Meet the Forrest Gump of Mob Hits
This article is from the archive of The New York Sun before the launch of its new website in 2022. The Sun has neither altered nor updated such articles but will seek to correct any errors, mis-categorizations or other problems introduced during transfer.
Not that anyone has taken a poll, but the most storied mob hits of the past 30 years, hands down, were the rub outs of a Teamsters ex-president, Jimmy Hoffa; a Mafia boss, Big Paul Castellano; and a cigar-chomping Bonanno gangster, Carmine “Lilo” Galante. A photo of the murdered Galante – his stogie still clenched in his teeth – is so perfectly Mafia-esque that one New York newspaper ran it again this week.
Bearing that in mind, consider the following scenario: A monstrous hulk of a man, who has never been linked to any of the slayings or any of the many well-known suspects, claims to have been at the scene of all three murders, saying he inflicted the fatal blows to Hoffa, Galante, and Big Paul’s bodyguard, Thomas Billotti.
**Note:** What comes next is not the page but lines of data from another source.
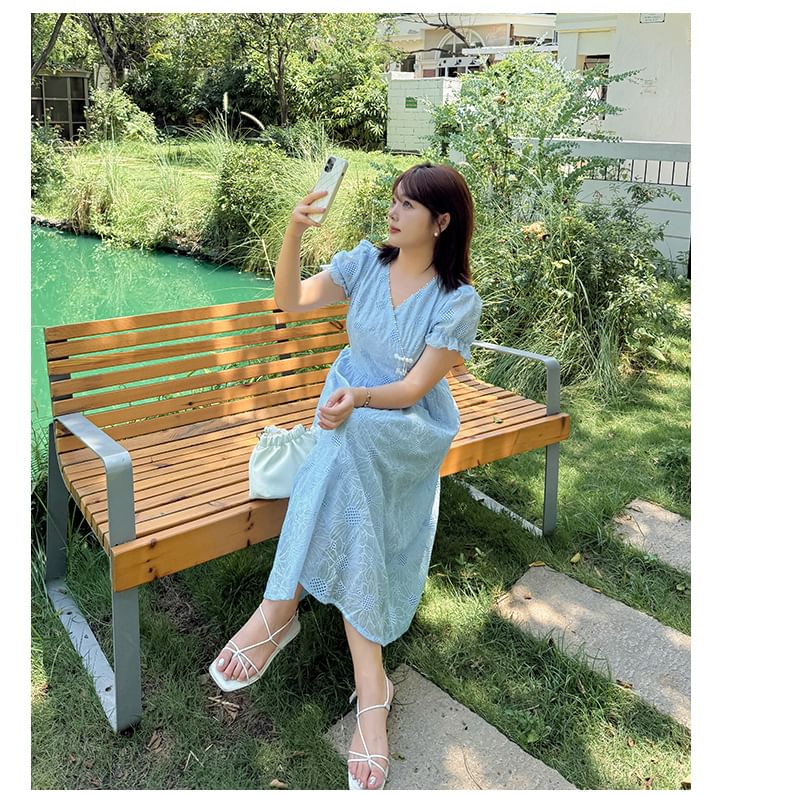 Plus Size Short Sleeve V-Neck Floral Embroidered Midi A-Line Dress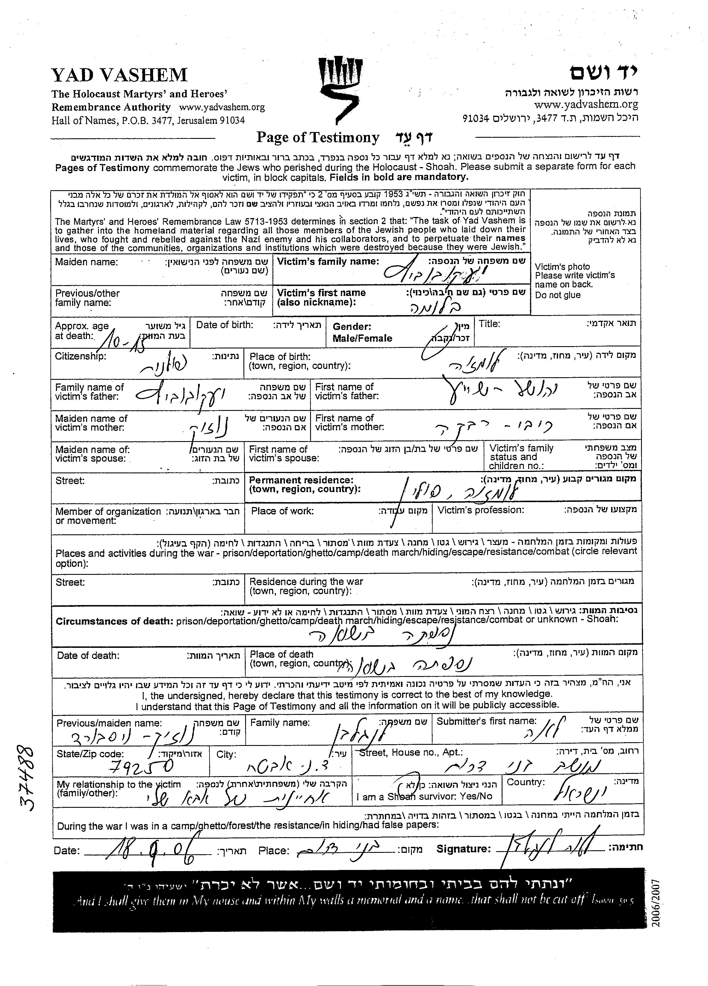 Яд Вашем - Листы свидетельских показаний Мемориального фонда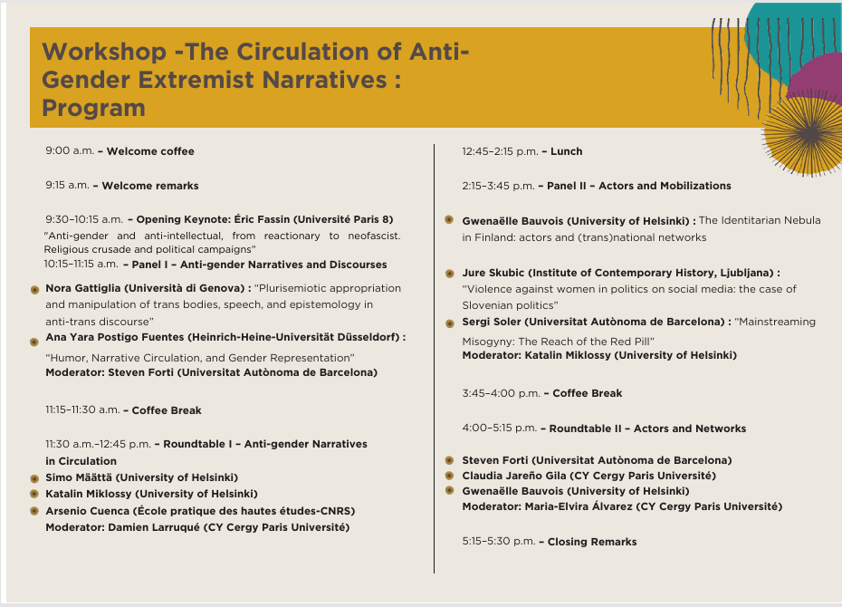On Thursday, March 19, 2026, scholars, researchers, and practitioners from across Europe will gather at CY Cergy Paris Université for an in-depth workshop exploring The Circulation of Anti-Gender Extremist Narratives.

More improbable, this wily, heretofore unknown mob assassin also claims to have murdered Roy DeMeo, the prolific kill-crazy Gambino mobster who was so feared by his peers that John Gotti, a few years before he directed Castellano’s demise, begged off when Big Paul asked him to whack DeMeo.
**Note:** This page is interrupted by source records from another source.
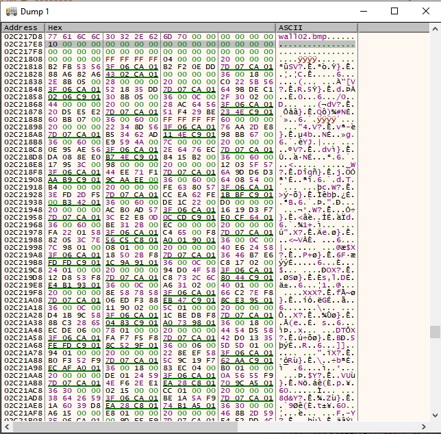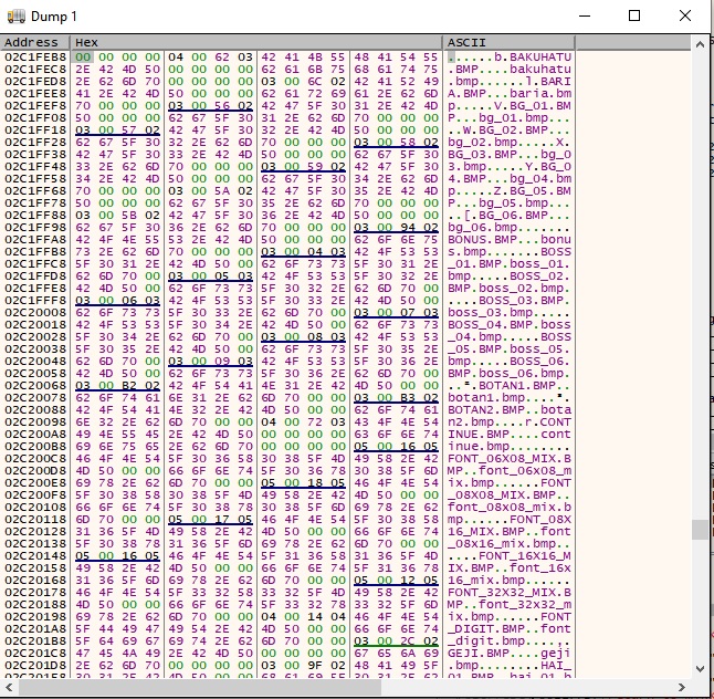 After a quick scripting section I had my files but I was unable to open them. Checking the hexdump of one of the .BMP (since they have a simple magic number) I’ve noticed that it’s shifted by 9 bytes. This probably means that the files are not saved in the archive as cleartext and maybe they are compressed. Probably the game uses this 9-byte header to recover the original file content.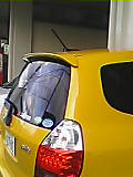 中古車のフィットにお客様依頼のリアゲートスポイラーを取付ました。ドリルで穴あけの作業が必要ですので緊張します。納車整備はすべて終わり、後は車庫証明が下りたら名義変更手続きをすると納車できます。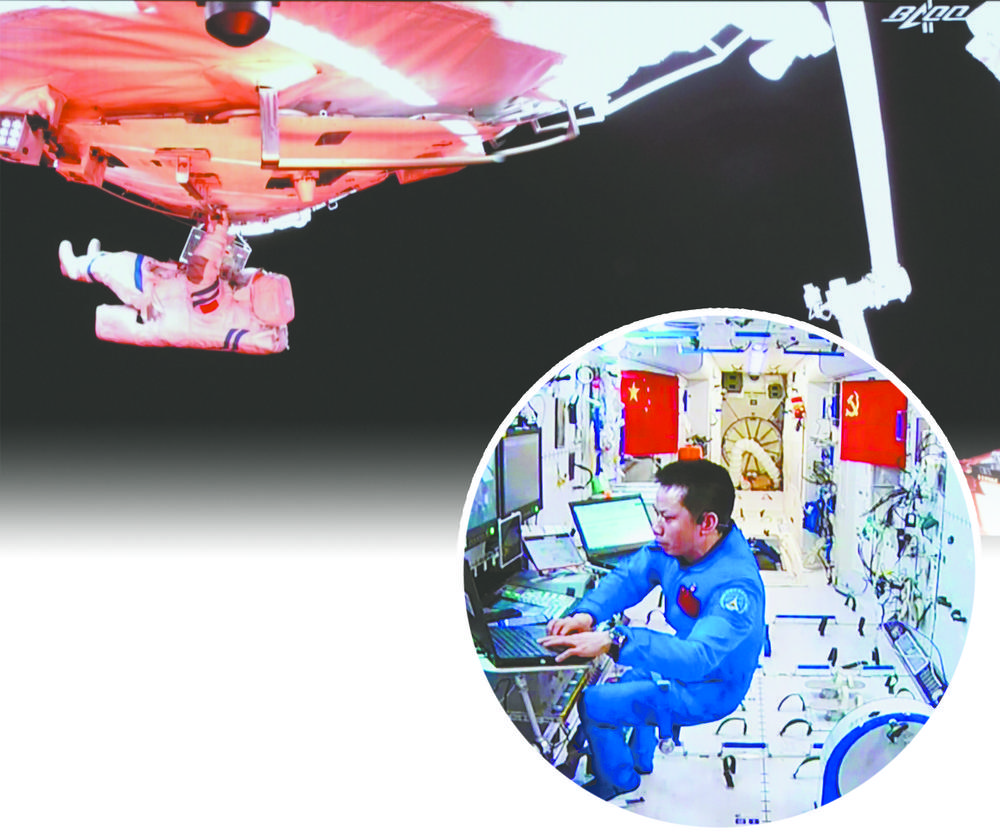 上图 8月20日在北京航天飞行控制中心大屏拍摄的神舟十二号乘组航天员在舱外工作场景。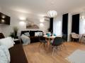 - W jednym pokoju małżeńskie łóżko (160 cm) i szeroka, rozkładana kanapa + TV, w drugim - szeroka, rozkładana kanapa.
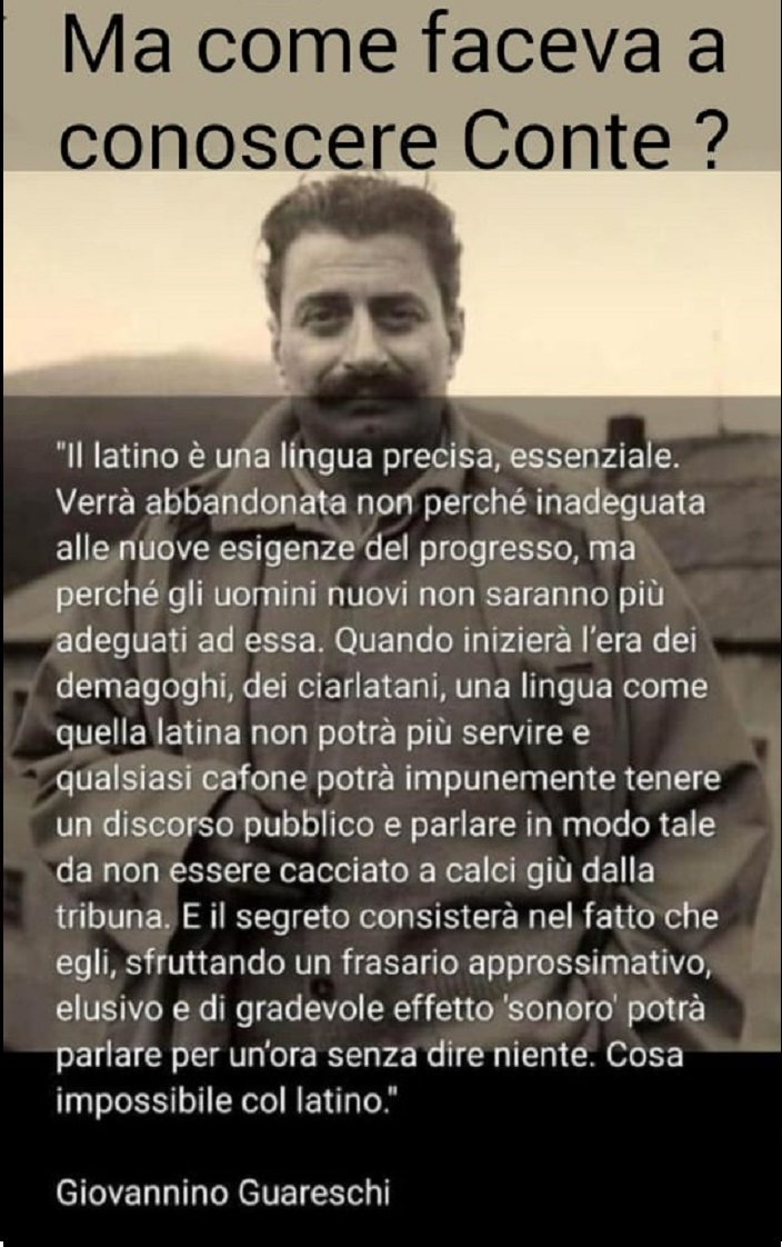 Giocando un po’, si scopre che le persone geniali possono essere preveggenti illustrando un futuro con intenzioni satiriche, ma non troppo. La verità è che un attento esame dell’evolversi della storia umana, porta a deduzioni limpide, quasi descrittive. E’ così per il geniaccio di Giovanni Guareschi che prefigura un “demagogo cialtrone” davvero molto simile a Conte, alla sua logorrea vuota di contenuti, alla capacità di usare i media per apparire. Impietoso ritratto, forse, ma così verosimile…

To make this story even more improbable, let’s say that our Forrest Gump of mob hits – a 6-foot-5-inch, 300-pound bearded behemoth – claims to have murdered 200 people for fun and profit during his dark career, including a Queens man who killed Gotti’s 12-year-old son in a car accident.
Ladies and gentlemen, meet Richard Kuklinski, the star of a new book by Philip Carlo, one that pushes the envelope in the bookstore genre known as “true crime.”
Mr. Carlo’s “The Ice Man: Confessions of a Mafia Contract Killer” runs more than 400 pages. It is based on hundreds of what can only generously be termed as Kuklinski’s mostly demented ramblings.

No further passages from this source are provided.